Big will not spend a penny on eating out, he'd rather take his lunch with him to work and pocket the cash. He doesn't have any expensive hobbies, and he never asks for anything. He will deny himself things to the point of absurdity, right now his tennis shoes have holes in them and his socks are soaking wet because we live in the Portland area. But he insists that we wait until next pay day to purchase new ones.

Our spending styles differ so greatly that I've have to remind myself to think the way a saver would. Growing up even though I worked my whole young adult life, saving for the future was always incredibly difficult for me, because there was always something new to experience, something new to be had like a book or the latest style which in my head I believed I'd earned after working so hard.

 To me money equaled freedom, freedom from my parents reach, freedom from boredom, freedom to travel. So when someone tells me I must not spend money on my flavor of the week, I have a strong emotional reaction as if someone were trying to censor me, and if they are that must mean they do not approve of me as a person. It's almost like being rejected, for someone to say " no we should do this" with our money.  After exploring those feelings I've come up with a plan.

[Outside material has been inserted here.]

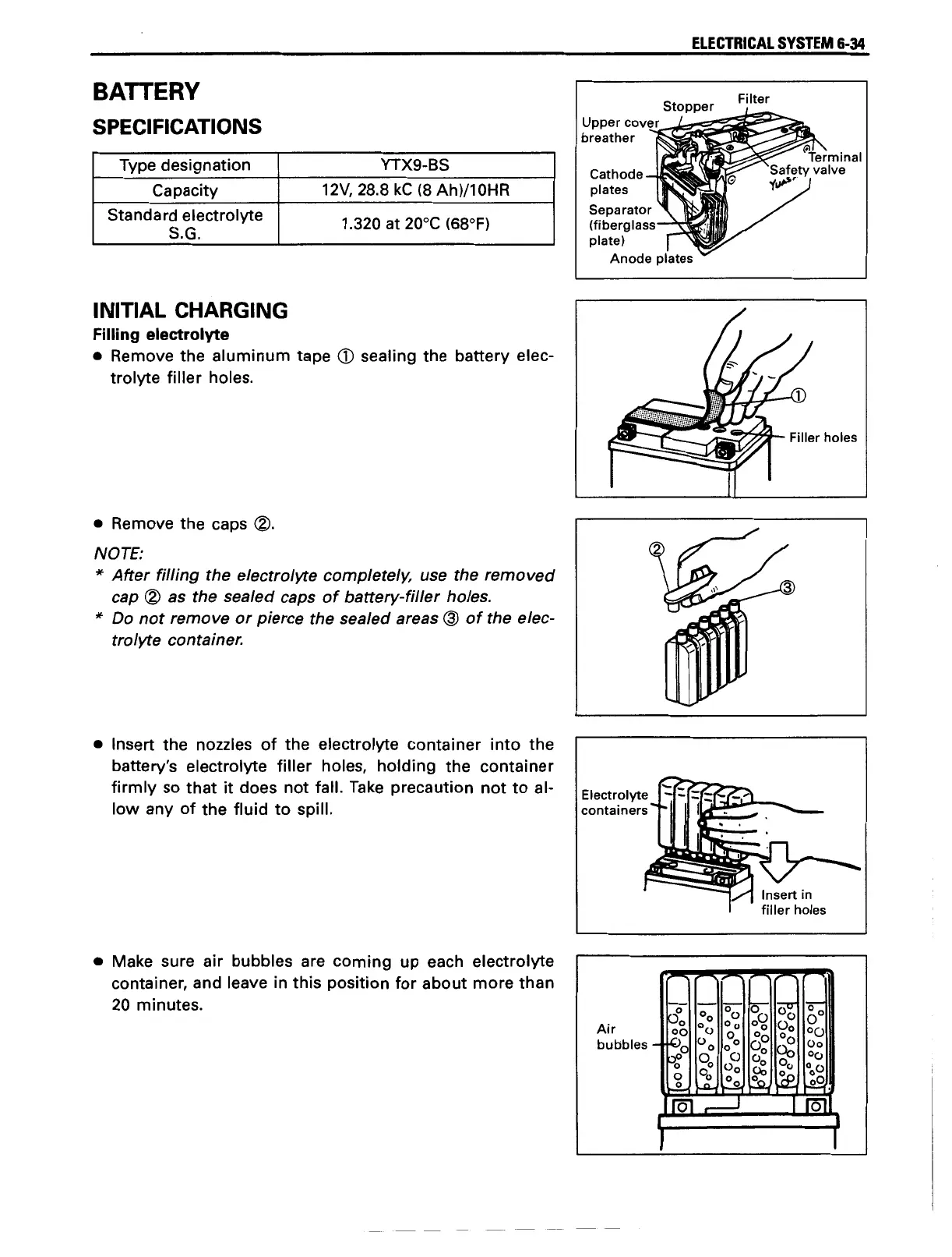 Suzuki freewind - Battery Specifications; Battery Initial Charging

No new make up until it all runs out. As in no little casual trips to the makeup counter, no holiday splurge on a pallette of sparkle that I already own three times over. I'm going to use every tube, stick, primer etc until it's all gone, then and only then will I allow myself to buy new make up or accessories. I've also decided to make my coffee at home and take it to work.

These things will be a little hard to get used to at first but after a while I'll hardly notice them. Because the pay off, the picture of the little cottage house with the picket fence is worth all the coffee and make up in the world.